# box joint question



## Jon1094 (May 12, 2012)

Well I've been giving it a think for an hour now and my mind just isn't working tonight. I'm making a Pochade box for my wife. The sides of the box are four sides 6"X3/4" box jointed. I just found out that the canvases I want it to be able to hold won't fit inside the box unless I make some more (inside diameter) room. The question is, being that my box joints are already made, if I plane down the thickness of the sides will it affect my box joints?

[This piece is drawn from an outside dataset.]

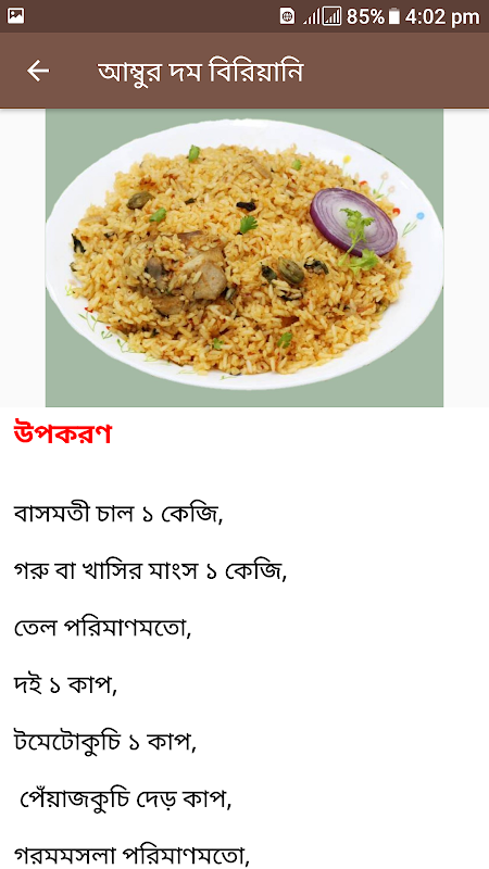 খুব কম ভোজন রসিক বাঙালিই আছেন যে বিরিয়ানি পছন্দ করেন না। শহরে বা গ্রামে সবাই বিরিয়ানি খেতে ভালবাসেন। বাহিরে হোটেল রেস্টেুরেন্টে গেলে মজার স্বাদের বিরিয়ানি খেতে পারবেন। কিংবা বাহির থেকে কিনে এনে খেতে হবে। কিন্তু নিজে রান্না করতে পারলে তো অপেক্ষা করতে হবে না। যেকোনো সময় আপনার প্রিয়জনদের সামনে হাজির করতে পারবেন নিজ হাতে রান্না করা মজার স্বাদের বিরিয়ানি। উৎসবে কিংবা অতিথি আপ্যায়নে বিরিয়ানি রান্না হয় প্রায় সব বাড়িতেই। এই বিরিয়ানিরও রয়েছে নানা ধরন। আর এই নানা ধরণের বিরিয়ানি রেসিপি আছে আমাদের অ্যাপটিতে যা থেকে মাজার মজার বিরিয়ানি, ঐতিহ্যবাহী বিরিয়ানি,শাহী বিরিয়ানি তৈরী করতে পারবেন।

My guess is that they will stick out on the ends a bit…but I'm confused as to whether planing now will actually give me any more room inside or if it'll be a wash due to the joints fitting differently. Help please.


----------



## Donna77 (Oct 27, 2013)

It won't work. Depending on design you may be able to add a decorative piece to lengthen the sides


----------



## Jon1094 (May 12, 2012)

Thanks Donna. Yup the ID is the ID no matter what. I guess I could plane the wood down to .000001" and I'd just have really long finger box joints with the same inside diameter. Rats.


----------



## mojapitt (Dec 31, 2011)

It would be a wash. Best thing to do is remake it. Bummer, I have been there.


----------



## Blackie_ (Jul 10, 2011)

Another thing to take into consideration too that I've also learned the hard way is allowing clearance for bit height if set slightly above the work piece before the cut.


----------



## casual1carpenter (Aug 16, 2011)

Jon, if the wood is worth it, you could add material to the bottom of the box joints which would reduce the finger joint length and increase the internal dimensions. Then yes you would have to reduce the stock thickness. It would be a bit of tedious work for me but some people are good at that. 








There are people here that could do this and have fun doing it, but I'm not one, lol, just brought it up because I followed your thought and saw it could work. Actually, you could use a contrast of material or grain direction rather than trying to match and make it interesting. You could also dado a line down which encompasses the repair area and do an inlay with wood or epoxy and filler. 
We can not unmake the mistakes, it's simply live and learn, but you might just take that box to the next level where you will be proud of the save you accomplished.









Guess it would depend a lot on just how much you would be adding. As an afterthought, I would do the finish planing after completed glue-up because with my luck I would damage a box joint finger or three.


----------



## helluvawreck (Jul 21, 2010)

Why don't you go ahead and finish making the box and then make another one from scratch the way you meant to in the first place. That way you'll have two boxes. You can always use the other one for something else.

helluvawreck aka Charles
http://woodworkingexpo.wordpress.com


----------



## NiteWalker (May 7, 2011)

What Charles said.


----------



## teejk (Jan 19, 2011)

Helluvawreck…to your point, he could split the existing box into 2 sides and 2 fronts and elongate new pieces to increase the inside dimensions. Depends on what is meant to go in it and whether his jig is still set-up. Just a thought.


----------



## Jenine (Sep 6, 2013)

I am also building a pochade box for a teacher from college - can't wait to see photos of your finished box!


----------



## PaulDoug (Sep 26, 2013)

What I would be tempted to try is increase the length of the sides and ends by splitting them in the middle and adding a piece of contrasting wood. You make a decorative shape, like a diamond, heart or whatever. I'm just thinking that would be quicker and easier than trying to alter the box joints.


----------



## a1Jim (Aug 9, 2008)

I'm not sure exactly how a pochade box works ,but couldn't you just do a rabbit along the inside edge of the box to hold a canvass . It could be done fairly easy using a router table.


----------